On October 1, 2020, shortly after the merger was complete, Velodyne issued a Prospectus which stated:

As a result of COVID-19, we experienced some production delays in the second quarter and early in the third quarter of 2020 due to travel restrictions to Thailand, the location of one of our key manufacturing partners. We were also manufacturing at approximately 50% capacity for much of the second quarter of 2020. Today, we believe those production delays have been eliminated under the current work conditions, with our internal manufacturing and production capacity back to 100%.
We believe that demand for our products remains strong, but COVID-19 will result in some transactions we expected to occur earlier in 2020 being delayed until late 2020 or early 2021. When preparing the 2020 and 2021 projected financial information included in this prospectus, we considered these potential delays.
Id. ¶ 316; Dkt. No. 103-10 (filed with the SEC on Form 424B3). The Prospectus referred investors to the projections contained in the July 2, 2020 Merger Agreement. Id. An October 19, 2020 Registration Statement again addressed the impacts of the pandemic:
Demand for our products in the quarter ended June 30, 2020 was less than that in the corresponding period of 2019. We believe that this decline in customer demand was, in part, the result of customers impacted by COVID-19 and delayed purchasing decisions.
While we continue to engage with current and potential customers, we believe some customers may delay purchases from us because their development programs may also be delayed as a result of COVID-19. We believe that demand for our products remains strong, but COVID-19 will result in some transactions we expected to occur earlier in 2020 being delayed until late 2020 or early 2021. When preparing the 2020 and 2021 projected financial information included in this prospectus, we considered these potential delays.
Id. ¶ 336; Dkt. No. 103-2.

Third Quarter 2020 financial results (3Q2020), released on November 5, 2020, “met or exceeded” the targets set earlier that year. Id. ¶¶ 353, 355 (Gopalan presenting results that same day). According to the 3Q2020 Release, Velodyne had grown revenues 137% year-over-year to $32.1 million and continued to grow its contracted revenues, signing 6 “multiyear agreements during the quarter,” which increased the total to 24 long-term contracts (up from 16 in June and 18 in October). Id. The 3Q2020 Release reaffirmed the expected revenue of approximately $101 million for 2020. Id.

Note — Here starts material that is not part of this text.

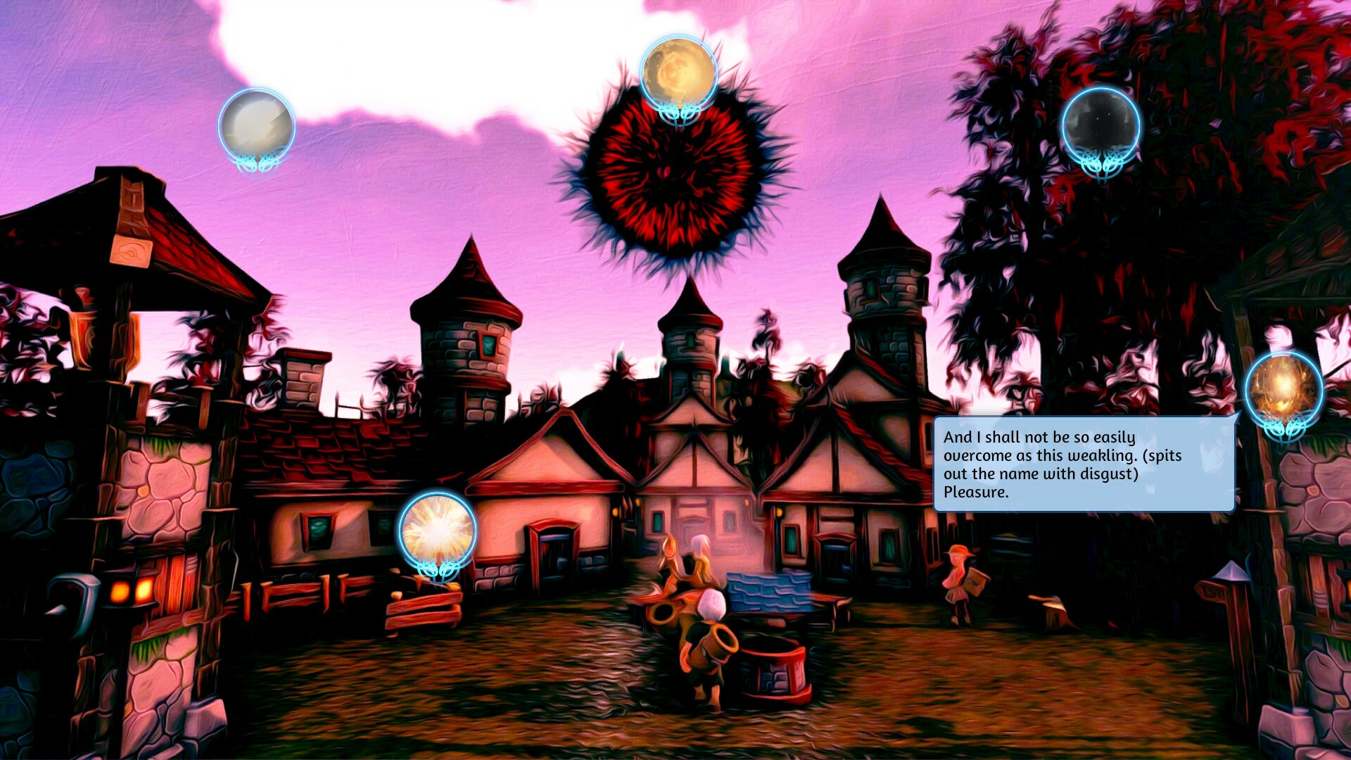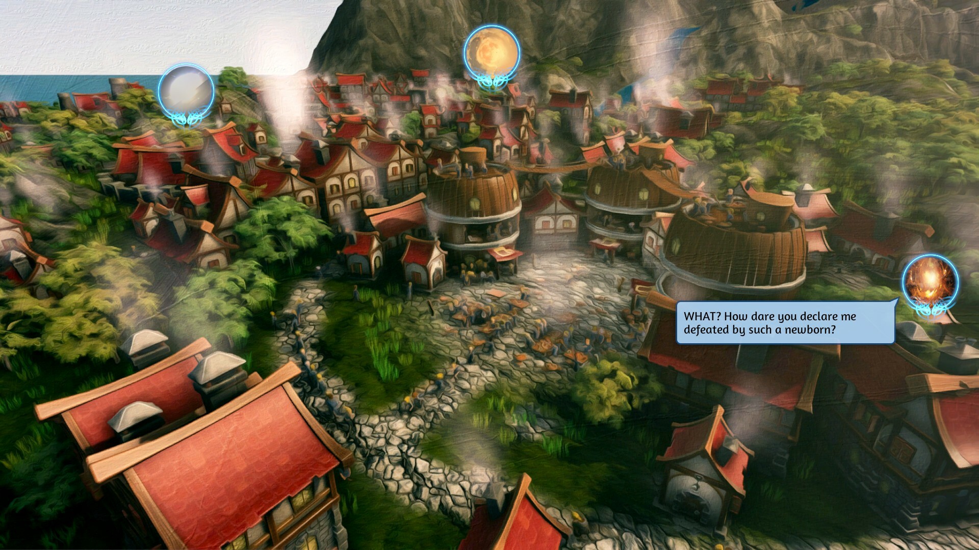 Fata Deum lets the player experience the story of a young god who learns to lead its human followers and to assert itself through them against divine rivals. In a process of increasing challenges, it not only finds out more and more about its opponents, but also about itself.

But Velodyne failed to meet its targets. On January 7, 2021, Velodyne issued its FY2020 Release. Id. ¶ 377; Dkt. No. 103-11. The FY2020 Release stated Velodyne had only achieved approximately $94 million in annual 2020 revenues, 7% below the previous annual revenue guidance (of $101 million) and 30% below its fourth quarter revenue guidance. Id. The FY2020 Release also withdrew all future guidance:

Given the uncertainty around COVID-19 worldwide and its downstream impacts, and customer implementation timelines that are outside the company's control, the company has less visibility on the timing of expected purchase orders and other projects in the pipeline. Velodyne is monitoring the situation daily to understand COVID-19's impact on signed and awarded business, and other developments in customer plans affecting the new business funnel, bookings, the company's manufacturing capacity, and ultimately, revenue. With this reduced visibility and out of an abundance of caution, the company withdraws any previous financial guidance for 2021 at this time.
Id. ¶ 376 (emphasis in CAC); Dkt. No. 103-11. Despite the disappointing revenue results and withdrawn guidance, the FY2020 Release also stated:
Commenting on the business and financial update, Velodyne CEO Dr. Anand Gopalan stated, “Despite the impact of COVID-19 in the past few months and on our near-term visibility, there is no change in our fundamental outlook for the future. We are encouraged by the expanding adoption of lidar across a wide variety of industries, some of which are accelerating in a post-COVID world. As a result, we believe our pipeline is the most robust in the industry and we are manufacturing and shipping more lidar units than all our competitors have reported.”
Id. ¶ 378 (emphasis in CAC); Dkt. No. 103-11 at 6.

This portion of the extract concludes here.